- Photo by Herb Weitman/WUSTL
- Born: March 14, 1935 Newmark, New Jersey
- Died: December 13, 1996 (aged 61) Sunnyvale, California
- Education: Rutgers University (BS, MS) MIT (Sc.D.)
- Known for: Asynchronous computing
- Scientific career
- Fields: Electrical Engineering
- Institutions: Washington University in St. Louis Sun Microsystems

= Charles Molnar =

American computer scientist (1935–1996)

Charles Edwin Molnar (1935–1996) was a co-developer of one of the first minicomputers, the LINC (Laboratory Instrument Computer), while a graduate student at Massachusetts Institute of Technology (MIT) in 1962. His collaborator was Wesley A. Clark.

The LINC originated decades before the advent of the personal computer. Its development was the result of a National Institutes of Health (NIH) program that placed 20 copies of an early LINC prototype in selected biomedical research laboratories nationwide. Later, the LINC was produced in greater numbers by Digital Equipment Corporation and other computer manufacturers. Later he was on the faculty of Washington University in St.
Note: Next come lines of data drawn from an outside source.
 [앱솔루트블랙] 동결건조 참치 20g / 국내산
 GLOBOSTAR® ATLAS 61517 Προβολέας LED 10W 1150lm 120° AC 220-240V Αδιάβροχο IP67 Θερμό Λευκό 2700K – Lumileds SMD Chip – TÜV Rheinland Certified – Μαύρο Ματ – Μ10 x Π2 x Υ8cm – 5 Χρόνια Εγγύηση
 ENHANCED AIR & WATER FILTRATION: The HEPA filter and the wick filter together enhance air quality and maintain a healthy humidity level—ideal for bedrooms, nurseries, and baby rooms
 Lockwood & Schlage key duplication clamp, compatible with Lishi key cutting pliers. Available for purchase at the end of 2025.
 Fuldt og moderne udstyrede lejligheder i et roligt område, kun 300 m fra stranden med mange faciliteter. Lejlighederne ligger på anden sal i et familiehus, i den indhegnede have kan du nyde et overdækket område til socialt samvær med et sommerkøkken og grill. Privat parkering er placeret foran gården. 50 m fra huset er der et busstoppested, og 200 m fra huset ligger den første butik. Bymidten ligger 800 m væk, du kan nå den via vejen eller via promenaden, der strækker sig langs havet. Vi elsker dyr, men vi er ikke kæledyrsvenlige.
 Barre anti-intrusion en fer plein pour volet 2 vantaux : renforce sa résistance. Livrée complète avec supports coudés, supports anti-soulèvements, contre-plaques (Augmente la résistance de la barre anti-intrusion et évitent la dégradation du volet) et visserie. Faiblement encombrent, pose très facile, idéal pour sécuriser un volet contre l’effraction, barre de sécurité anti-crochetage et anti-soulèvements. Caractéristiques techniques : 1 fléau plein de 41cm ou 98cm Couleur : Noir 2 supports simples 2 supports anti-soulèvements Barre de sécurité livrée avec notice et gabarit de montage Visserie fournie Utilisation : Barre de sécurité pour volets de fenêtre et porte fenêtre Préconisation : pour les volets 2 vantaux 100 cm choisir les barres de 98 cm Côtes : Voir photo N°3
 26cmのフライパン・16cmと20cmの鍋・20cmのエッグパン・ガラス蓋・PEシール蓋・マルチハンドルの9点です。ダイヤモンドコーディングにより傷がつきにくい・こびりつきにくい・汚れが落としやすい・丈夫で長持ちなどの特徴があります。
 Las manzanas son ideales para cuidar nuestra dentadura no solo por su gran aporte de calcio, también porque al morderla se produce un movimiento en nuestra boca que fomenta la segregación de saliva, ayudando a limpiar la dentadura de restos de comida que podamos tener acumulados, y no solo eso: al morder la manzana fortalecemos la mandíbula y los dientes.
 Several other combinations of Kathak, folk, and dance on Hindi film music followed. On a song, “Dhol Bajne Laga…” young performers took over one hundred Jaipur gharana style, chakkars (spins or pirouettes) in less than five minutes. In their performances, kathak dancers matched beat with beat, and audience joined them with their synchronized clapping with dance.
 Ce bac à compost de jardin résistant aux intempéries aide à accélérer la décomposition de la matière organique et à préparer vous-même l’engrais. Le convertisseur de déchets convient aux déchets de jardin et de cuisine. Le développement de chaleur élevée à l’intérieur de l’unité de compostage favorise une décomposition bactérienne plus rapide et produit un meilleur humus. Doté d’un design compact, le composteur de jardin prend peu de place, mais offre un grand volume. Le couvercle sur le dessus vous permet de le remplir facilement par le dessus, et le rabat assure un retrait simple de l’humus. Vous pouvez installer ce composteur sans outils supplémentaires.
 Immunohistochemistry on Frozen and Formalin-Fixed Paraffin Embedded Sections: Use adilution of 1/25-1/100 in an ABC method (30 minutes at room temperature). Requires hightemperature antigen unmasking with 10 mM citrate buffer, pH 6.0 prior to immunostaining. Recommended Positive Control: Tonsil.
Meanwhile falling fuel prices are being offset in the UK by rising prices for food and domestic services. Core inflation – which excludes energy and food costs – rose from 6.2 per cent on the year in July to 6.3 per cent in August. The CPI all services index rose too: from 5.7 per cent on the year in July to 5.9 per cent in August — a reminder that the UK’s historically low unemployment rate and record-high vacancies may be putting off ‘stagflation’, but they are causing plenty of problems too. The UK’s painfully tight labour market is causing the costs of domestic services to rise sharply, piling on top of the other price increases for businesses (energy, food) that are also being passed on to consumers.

Louis.

Charlie Molnar was also well known as a pioneer in the modeling of the auditory system, especially numerical models of the function of the cochlea (the inner ear).

When he died in 1996, he was working at Sun Microsystems on asynchronous circuits with Ivan Sutherland.

Molnar received a bachelor's degree (1956) and a master's degree (1957) in electrical engineering from Rutgers University, where he was a member of the Cap and Skull Society, and received a doctoral degree (1966) from MIT in electrical engineering.

==Important publications==

Molnar's significant publications included the following:

- Clark, W.A. and C.E. Molnar, 1964, "The LINC," Anal. New York Academy of Sciences, Vol 115, pp. 653–658.
- Clark, W.A. and C.E. Molnar, 1965, "A Description of the LINC," Computers in Biomedical Research, Vol II, B.D. Waxman and R. Stacey, eds, Academic Press, New York, NY.
- Model for the Convergence of Inputs Upon Neurons in the Cochlear Nucleus, D.Sc. Thesis, MIT, 1966.
- Chaney, T.J. and C.E. Molnar, "Anomalous Behavior of Synchronizer and Arbiter Circuits," IEEE Trans. on Computers, Vol. C-22, No. 4, pp. 421–422, Apr. 1973.
- Kim, D.O., C.E. Molnar, and R. R. Pfeiffer, 1973, "A system of nonlinear differential equations modeling basilar-membrane motion," J. Acoust. Soc. Am. 54(6):1517–29 Dec. 1973.
- Clark, W.A. and C.E. Molnar, 1974, "Macromodular Computer Systems," Computers in Biomedical Research, pp. 45–85, Vol IV, B.D. Waxman and R. Stacey, eds, Academic Press, New York, NY.
- Kim, D.O. and C.E. Molnar: Cochlear mechanics: Measurements and models, in The Nervous System, Vol. 3, Human Communication and Its Disorders, edited by DB Tower (Raven, New York) 1975; pp 57–68
- Sproull, R.F., I.E. Sutherland, and C.E. Molnar, 1994, "The Counterflow Pipeline Architecture," IEEE Design and Test of Computers, Vol. 11, no.3, pp. 44–59.